● TASK TO CARRY OUT: Print the lines that start the entries and continue through the one holding "3.000,00 EUR |", please, exactly and with the pictures omitted.

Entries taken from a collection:
************

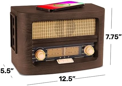Radio with a built-in fast wireless charging pad. This convenient feature allows you to effortlessly charge your wireless charging enabled devices by simply placing them on the radio’s top surface. Say goodbye to tangled cords and enjoy the convenience of wire-free charging, adding a modern touch to the nostalgic appeal of this vintage-inspired radio.
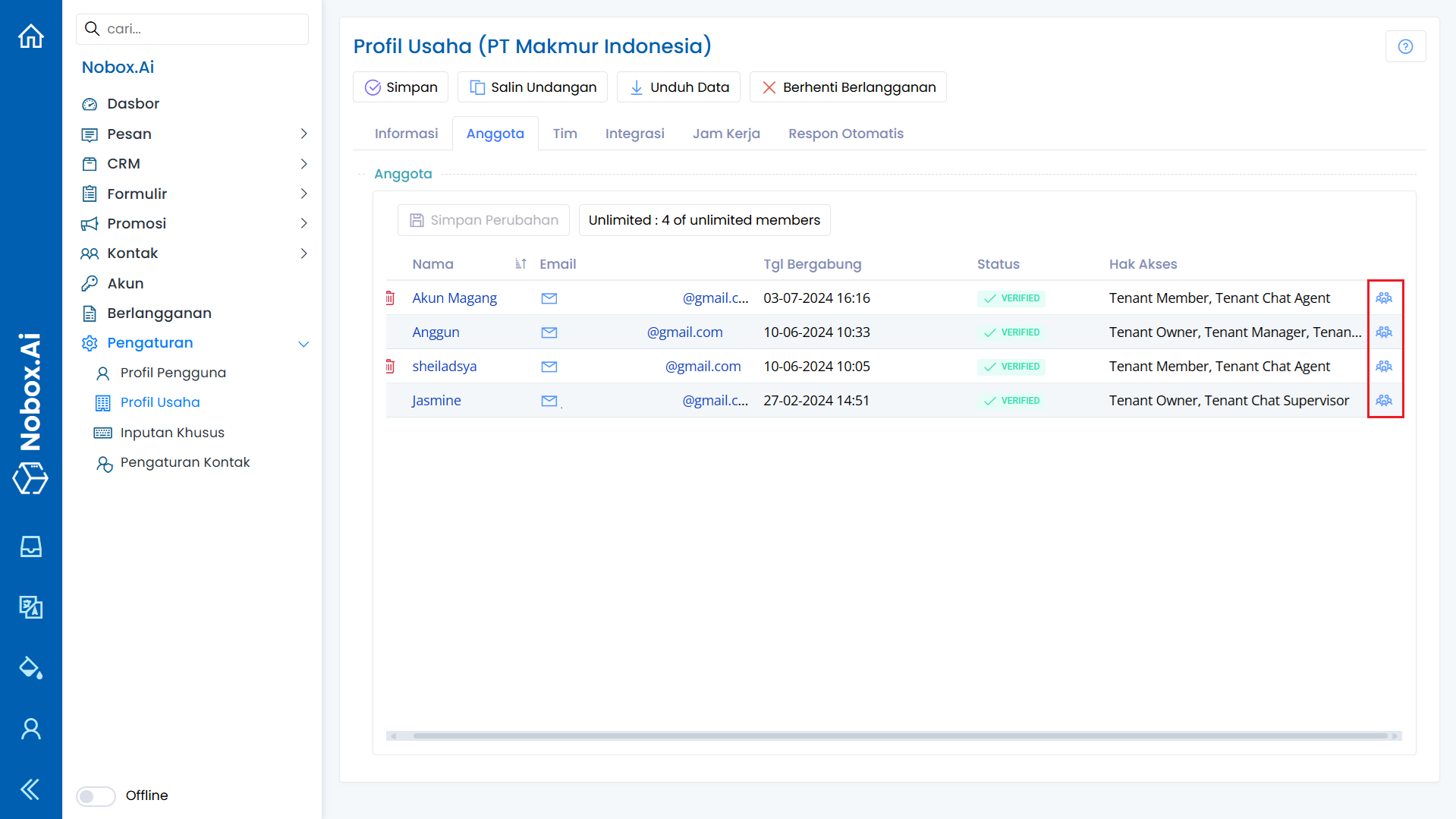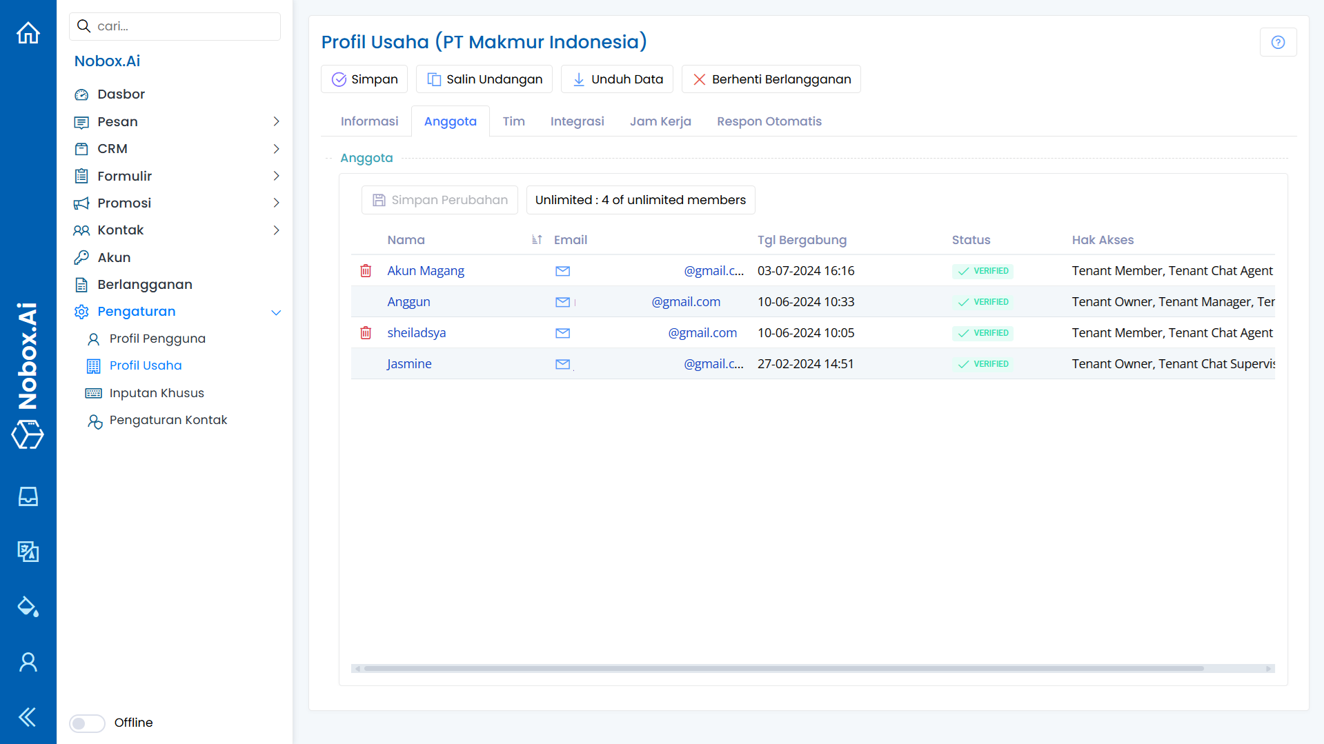 | Member | Level user dengan hak akses sebagai anggota tenant yang memiliki semua akses fitur Nobox.Ai kecuali akses manajemen akun dan pengaturan profil usaha. |
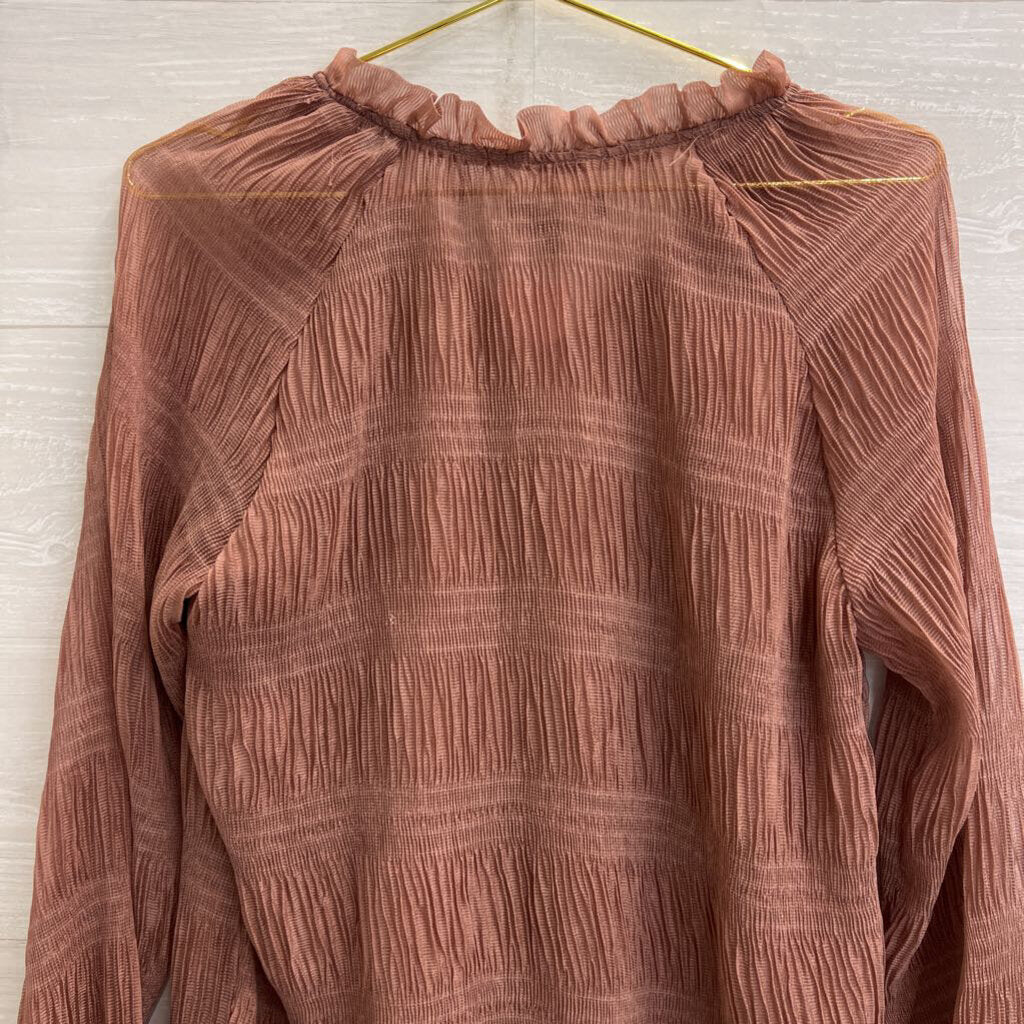 En Saison Mauve Textured Smocked Long Sleeve Top Small
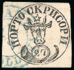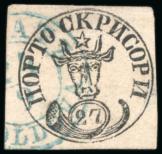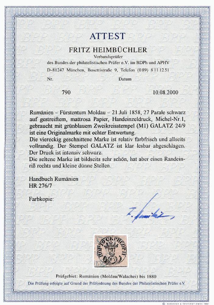 | Zusatzinformationen und Suchstichworte: | David Feldman S.A. - Alle Welt 5. - 9. Dezember 2022 Los 60358 Rumänien 1858, Moldavia, 27 parale schwarz, gedruckt auf rosa genetzt waagrecht gestreiftes Papier, paradiesisch scharfer Druck, sehr fein gebraucht, gestempelt mit dem blauem Datumsstempel von Galatz datiert 24-9, etwas hell und Einriß in richtigem Seite, jedoch ist das 27p ist selten gebraucht in Galatz, eine der 10 verzeichnet Einzelmarken bei dieser Kreisdatumsstempel; ein ansprechende Briefmarke; Attest Heimbüchler (2000), (Mi € 12000) Ausruf 3.000,00 EUR |
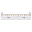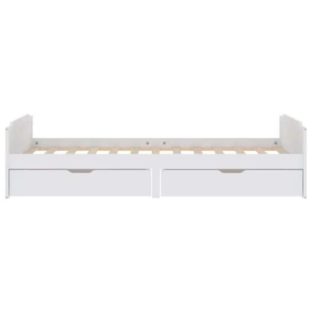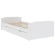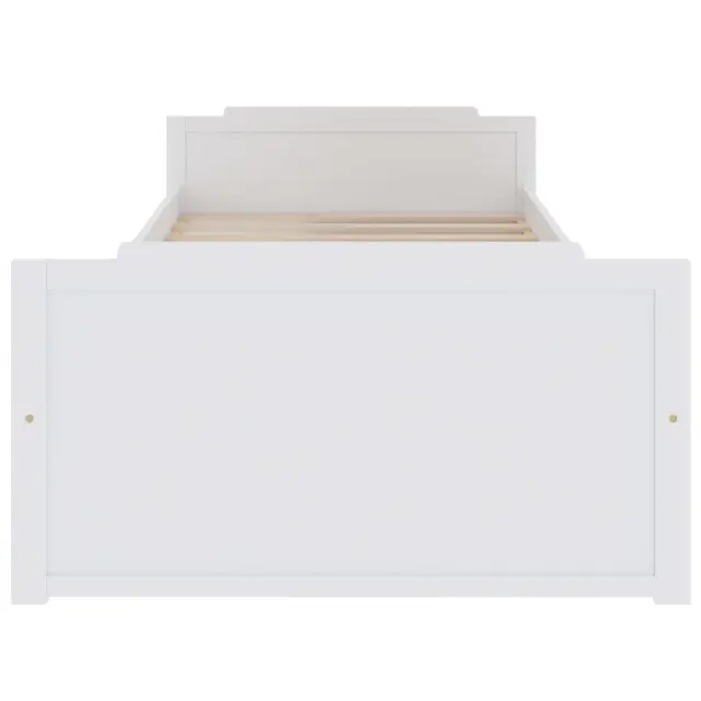 Ta posteljni okvir je praktičen in dekorativen dodatek za vašo spalnico. Vrhunski material: trdna borovina je čudovit naravni material. Borovina ima ravne vzorce, grče pa dajejo materialu njegov značilen, rustikalen videz.Močne letvice: Močne letvice ponujajo potrebno podporo in udobje. Na tej postelji lahko vsako noč uživate v odličnem spancu!Funkcija shranjevanja: Priloženi posteljni predali nudijo dovolj prostora za shranjevanje potrebščin, da bo soba čista in urejena. Opomba:Paket vsebuje samo posteljni okvir. Vzmetnica ni priložena. V naši trgovini si lahko ogledate ustrezne vzmetnice.Barva: BelaMaterial: Trdna borovinaCelotne dimenzije: 203,5 x 96 x 48,5 cm (D x Š x V)Velikost predala: 95 x 63 x 20 cm (Š x G x V)Velikost primerne vzmetnice: 90 x 200 cm (Š x D) (vzmetnica ni priložena)Potrebno sestavljanje: Da
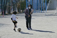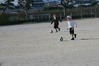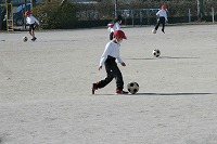 どうやったら上手にけりながらコントロールできるか・・・。まずはきちんとボールを止めることです。先生の笛に従ってどんどんけって進み、次の先生の笛でしっかり止めることを繰り返していました。
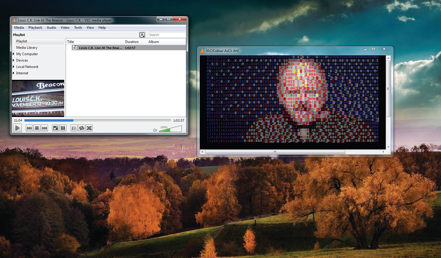 | Преобразование видео (в данном случае на экране Луи Си Кей) в видеоряд ASCII-символов с помощью специальной функции VLC |
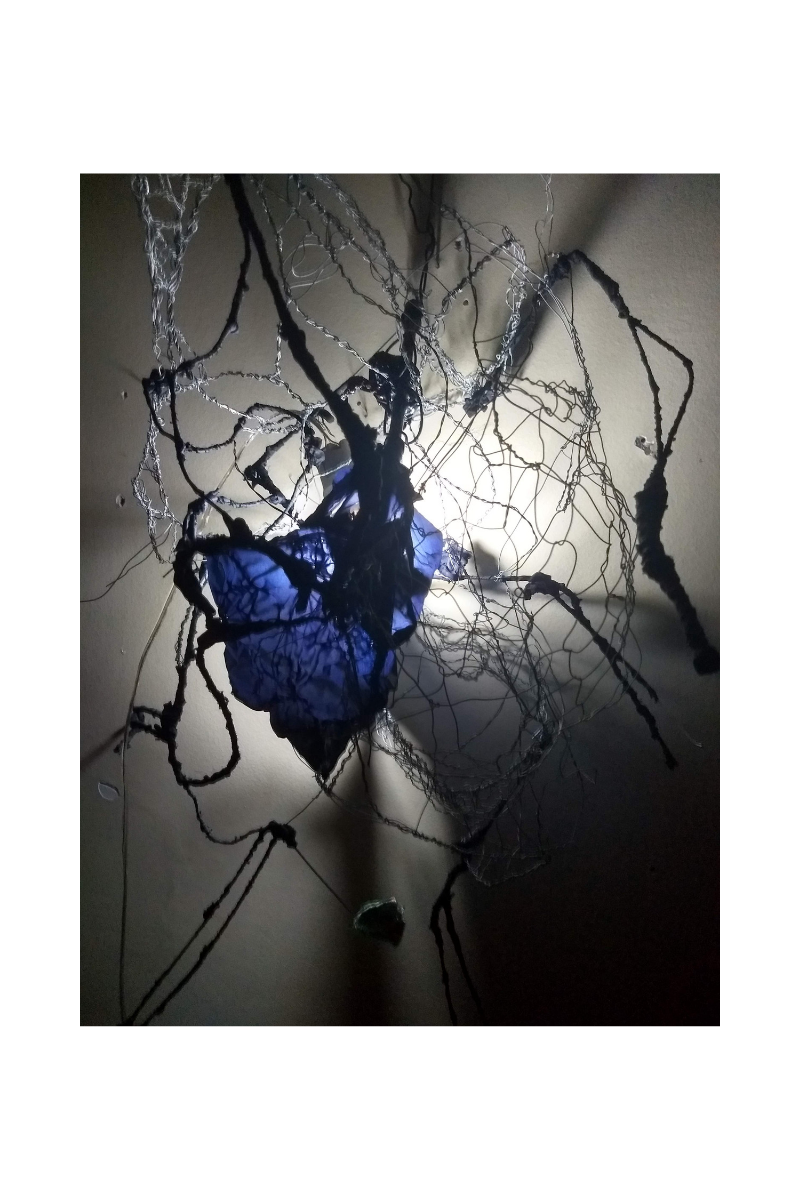 Desenho articulado em arame galvanizado, tecido sintético, acrílico modelado, alumínio e lâmpada LED. Se ajusta ao espaço, formando múltiplas sombras mutáveis

************

● REPLY:
Radio with a built-in fast wireless charging pad. This convenient feature allows you to effortlessly charge your wireless charging enabled devices by simply placing them on the radio’s top surface. Say goodbye to tangled cords and enjoy the convenience of wire-free charging, adding a modern touch to the nostalgic appeal of this vintage-inspired radio.
 | Member | Level user dengan hak akses sebagai anggota tenant yang memiliki semua akses fitur Nobox.Ai kecuali akses manajemen akun dan pengaturan profil usaha. |
 En Saison Mauve Textured Smocked Long Sleeve Top Small
 | Zusatzinformationen und Suchstichworte: | David Feldman S.A. - Alle Welt 5. - 9. Dezember 2022 Los 60358 Rumänien 1858, Moldavia, 27 parale schwarz, gedruckt auf rosa genetzt waagrecht gestreiftes Papier, paradiesisch scharfer Druck, sehr fein gebraucht, gestempelt mit dem blauem Datumsstempel von Galatz datiert 24-9, etwas hell und Einriß in richtigem Seite, jedoch ist das 27p ist selten gebraucht in Galatz, eine der 10 verzeichnet Einzelmarken bei dieser Kreisdatumsstempel; ein ansprechende Briefmarke; Attest Heimbüchler (2000), (Mi € 12000) Ausruf 3.000,00 EUR |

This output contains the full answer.